----- Extracted information -----
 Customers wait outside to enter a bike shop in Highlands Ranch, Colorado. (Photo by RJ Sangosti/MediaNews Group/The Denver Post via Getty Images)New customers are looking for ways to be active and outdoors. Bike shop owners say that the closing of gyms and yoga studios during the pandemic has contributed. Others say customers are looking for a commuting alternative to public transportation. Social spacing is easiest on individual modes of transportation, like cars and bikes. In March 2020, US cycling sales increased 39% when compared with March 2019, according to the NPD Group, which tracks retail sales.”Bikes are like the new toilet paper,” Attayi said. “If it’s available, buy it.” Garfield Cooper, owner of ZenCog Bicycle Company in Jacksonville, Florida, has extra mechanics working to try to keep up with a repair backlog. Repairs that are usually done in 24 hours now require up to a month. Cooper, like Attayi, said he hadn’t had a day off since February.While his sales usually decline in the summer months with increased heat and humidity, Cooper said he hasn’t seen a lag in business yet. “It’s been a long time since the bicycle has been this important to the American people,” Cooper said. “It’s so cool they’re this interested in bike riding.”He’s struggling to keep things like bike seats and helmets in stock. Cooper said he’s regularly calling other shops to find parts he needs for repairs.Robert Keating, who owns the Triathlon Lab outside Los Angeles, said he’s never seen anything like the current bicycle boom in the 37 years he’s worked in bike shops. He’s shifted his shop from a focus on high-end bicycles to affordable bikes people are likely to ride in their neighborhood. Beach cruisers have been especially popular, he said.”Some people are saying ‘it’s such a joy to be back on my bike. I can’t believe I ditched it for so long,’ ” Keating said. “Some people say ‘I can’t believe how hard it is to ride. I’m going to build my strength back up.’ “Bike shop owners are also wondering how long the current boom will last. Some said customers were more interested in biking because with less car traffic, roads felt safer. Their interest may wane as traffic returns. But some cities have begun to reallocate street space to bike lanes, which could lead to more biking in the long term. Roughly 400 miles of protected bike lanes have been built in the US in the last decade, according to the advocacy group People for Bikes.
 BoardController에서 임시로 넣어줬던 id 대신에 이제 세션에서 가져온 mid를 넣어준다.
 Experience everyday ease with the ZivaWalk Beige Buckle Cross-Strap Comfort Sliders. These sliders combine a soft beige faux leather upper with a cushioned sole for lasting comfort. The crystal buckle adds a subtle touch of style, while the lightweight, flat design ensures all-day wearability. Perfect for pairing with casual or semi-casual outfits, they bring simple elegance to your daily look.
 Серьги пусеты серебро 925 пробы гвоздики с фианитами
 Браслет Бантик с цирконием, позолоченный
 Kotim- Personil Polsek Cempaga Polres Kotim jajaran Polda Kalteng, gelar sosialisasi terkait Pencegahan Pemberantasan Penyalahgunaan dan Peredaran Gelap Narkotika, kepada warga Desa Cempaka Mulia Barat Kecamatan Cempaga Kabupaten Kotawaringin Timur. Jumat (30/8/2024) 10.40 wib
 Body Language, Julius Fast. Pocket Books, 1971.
-----
• **Task objective**
Everything from the line with "Серьги пусеты серебро" through the last line of the material above should be echoed exactly, and nothing else.

• **Finished exercise**
 Серьги пусеты серебро 925 пробы гвоздики с фианитами
 Браслет Бантик с цирконием, позолоченный
 Kotim- Personil Polsek Cempaga Polres Kotim jajaran Polda Kalteng, gelar sosialisasi terkait Pencegahan Pemberantasan Penyalahgunaan dan Peredaran Gelap Narkotika, kepada warga Desa Cempaka Mulia Barat Kecamatan Cempaga Kabupaten Kotawaringin Timur. Jumat (30/8/2024) 10.40 wib
 Body Language, Julius Fast. Pocket Books, 1971.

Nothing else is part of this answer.